--- Material shown ---

--

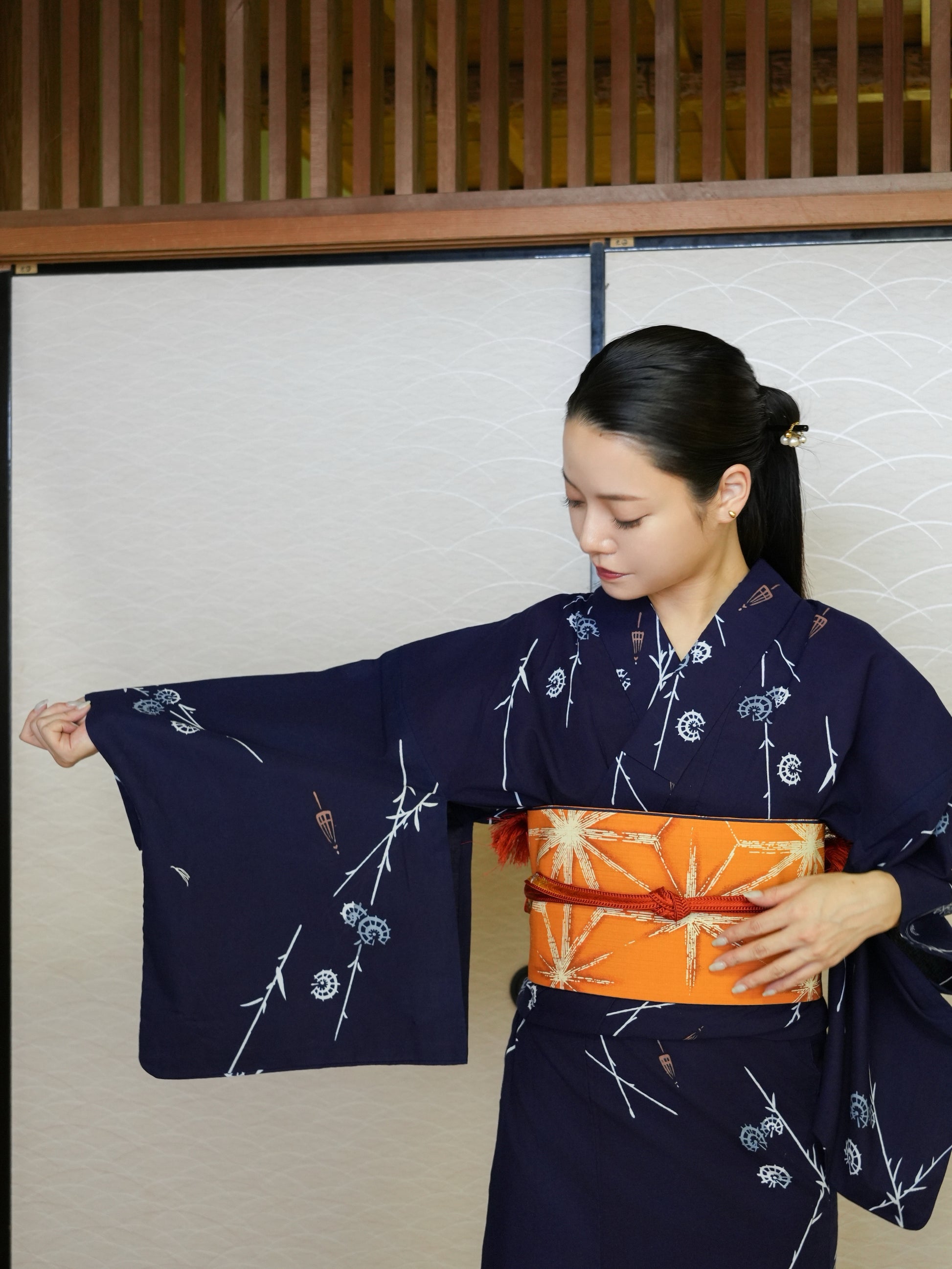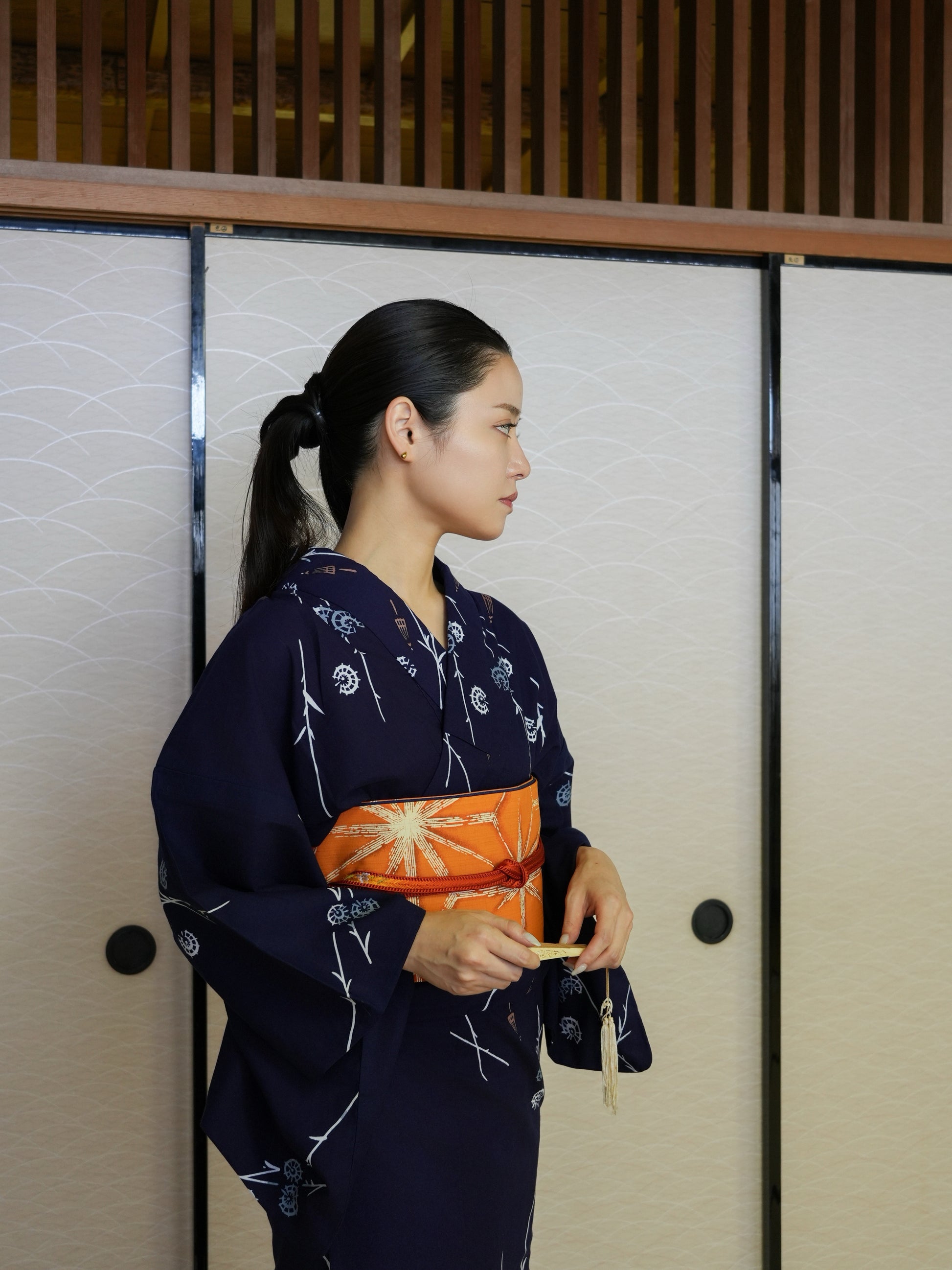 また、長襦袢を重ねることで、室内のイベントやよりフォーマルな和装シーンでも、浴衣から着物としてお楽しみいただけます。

--

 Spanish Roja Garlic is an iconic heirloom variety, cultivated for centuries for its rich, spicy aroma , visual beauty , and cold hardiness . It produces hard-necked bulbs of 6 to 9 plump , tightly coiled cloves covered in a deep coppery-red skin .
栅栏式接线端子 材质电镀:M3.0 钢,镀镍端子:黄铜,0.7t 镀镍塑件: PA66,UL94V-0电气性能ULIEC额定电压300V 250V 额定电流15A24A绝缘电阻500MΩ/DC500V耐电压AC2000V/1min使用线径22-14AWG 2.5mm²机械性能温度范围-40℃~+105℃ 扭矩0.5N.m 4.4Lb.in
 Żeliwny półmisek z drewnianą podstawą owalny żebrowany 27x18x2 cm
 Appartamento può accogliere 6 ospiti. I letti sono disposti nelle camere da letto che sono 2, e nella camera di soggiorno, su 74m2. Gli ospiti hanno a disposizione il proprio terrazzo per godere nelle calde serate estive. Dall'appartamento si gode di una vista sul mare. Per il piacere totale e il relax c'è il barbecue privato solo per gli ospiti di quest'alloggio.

--

--- What to work on ---
Can you repeat, word for word, every line above from the one containing "栅栏式接线端子 材质电镀:M3.0 钢,镀镍端子:黄铜,0.7t" down to the one containing "Appartamento può accogliere", including both?

--- Response ---
栅栏式接线端子 材质电镀:M3.0 钢,镀镍端子:黄铜,0.7t 镀镍塑件: PA66,UL94V-0电气性能ULIEC额定电压300V 250V 额定电流15A24A绝缘电阻500MΩ/DC500V耐电压AC2000V/1min使用线径22-14AWG 2.5mm²机械性能温度范围-40℃~+105℃ 扭矩0.5N.m 4.4Lb.in
 Żeliwny półmisek z drewnianą podstawą owalny żebrowany 27x18x2 cm
 Appartamento può accogliere 6 ospiti. I letti sono disposti nelle camere da letto che sono 2, e nella camera di soggiorno, su 74m2. Gli ospiti hanno a disposizione il proprio terrazzo per godere nelle calde serate estive. Dall'appartamento si gode di una vista sul mare. Per il piacere totale e il relax c'è il barbecue privato solo per gli ospiti di quest'alloggio.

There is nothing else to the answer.